Welcome to the cflp book. This is to teach you how to use cflp and contains some benchmarks (More on that later)


To start, make sure you've added the library to your Cargo.toml file

cflp = "1.0"

Overview

cflp allows you to derive a parser trait with a derive macro and helper attributes. The macro can derive a context-free language (hence the name of the crate), but the trait can be used more generally if required.

When discussing the trait, we have two types to consider:

I: Input type

C : Comparison type

The parser takes an iterator over input tokens which are of type I and compares them to some instances of the type C. These may be the same type in simple instances, but for more complex uses will most likely be different types.

Required impls

pub trait Parser<I, C, R = Self> where
    I: PartialEq<C>,
    C: PartialEq<C>
{
	fn parse<T>(src: &mut T) -> Result<R, Error<I, C>> where
        I: Iterator<Item=I> + Clone,
        Self: Sized;
}

When deriving the Parser trait, you will need to ensure that your input type I implements PartialEq<C> where C is your comparison type (this will make sense the more you read). You will also need to ensure that C: PartialEq<C>.

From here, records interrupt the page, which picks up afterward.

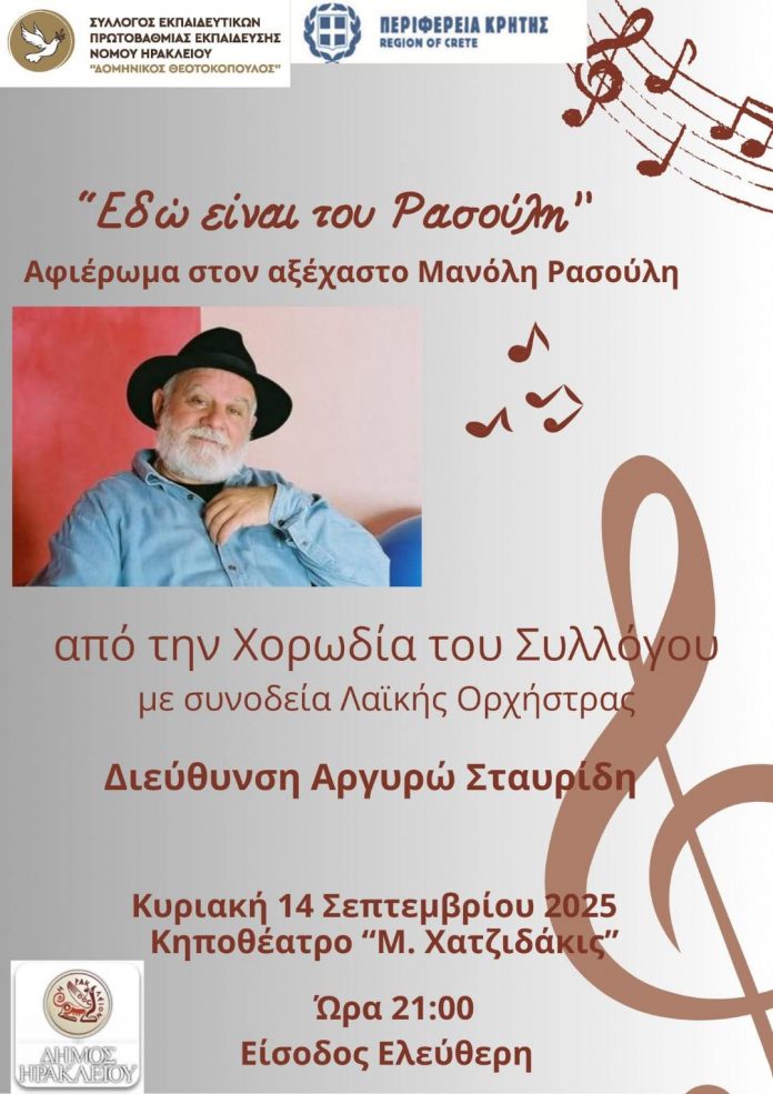 Η Ομάδα Χορωδίας του Συλλόγου Εκπαιδευτικών Π.Ε. «Δ. Θεοτοκόπουλος», πραγματοποιεί, με την υποστήριξη της Περιφέρειας Κρήτης, μουσικό αφιέρωμα, στον αξέχαστο στιχουργό και τραγουδιστή Μανόλη Ρασούλη. Τίτλος του αφιερώματος «Εδώ είναι του Ρασούλη…»,  και θα πραγματοποιηθεί την Κυριακή 14 Σεπτεμβρίου 2025 και ώρα 21:00μ.μ. στο κηποθέατρο «Μάνος Χατζηδάκις» με ελεύθερη είσοδο.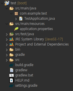 의존성 추가는 나중에 할거라 지금은 모두 제거한상태로 프로젝트를 생성해준다.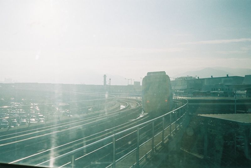 สะพายกล้อง 2 ตัวคล้องคอทั้งดิจิตอลและฟิล์ม แดดดีขนาดนี้จะพลาดได้ไงวะ แต่ก่อนอื่นต้องมองหาสถานีรถไฟก่อน มองซ้ายมองขวา อ้าว มันไม่เชื่อมต่อกับตัวอาคารแบบสนามบินนาริตะเหรอ เลยลองเดินออกไปข้างนอกจึงมองเห็นป้ายและเห็นคนเดินลากกระเป๋ามาจากทางนั้น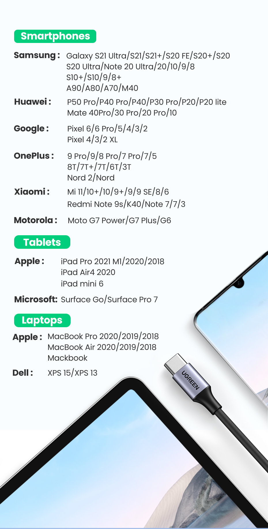 Поддержка: 98% портов USB TYPE-C для смарт-устройств, смартфонов/планшетов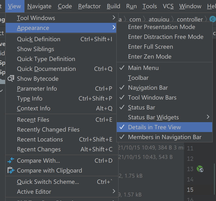 1. idea可以显示侧边文件的最后修改时间以及文件大小

IMPORTANT: If the input and comparison types are given as the same thing, deriving PartialEq on the input type will not cover the requirement I: PartialEq<C>. Since the input comes from an iterator, I will be a reference. If the input and comparison types are given as the same, then I = &C. In this case, you will need to impl &C: PartialEq<C>. You can use the PartiqlEqRef derive macro to derive a simple impl for this:

impl PartialEq<C> for &C {
    fn eq(&self, other: &C) -> bool {
        self == other
    }
}

Non-macro library

In the non-macro part of the cflp library, we have two structs (Error and NodeWrapper), and two traits (Parser and NodeData)

Traits

Parser

pub trait Parser<I, C: PartialEq<C>, R = Self> {
	fn parse<T>(src: &mut T) -> Result<R, Error<I, C>> where
            T: Iterator<Item=I> + Clone,
            Self: Sized {
        <Self as Parser<I, C, R>>::parse_with_recursion(false)
    }
    
    fn parse_with_recursion<T>(src: &mut T) -> Result<R, Error<I, C>> where
            T: Iterator<Item=I> + Clone,
            Self: Sized;
}

The Parser trait is used to parse a token stream (of type T) into either a Self instance, or fail to do so and return an error.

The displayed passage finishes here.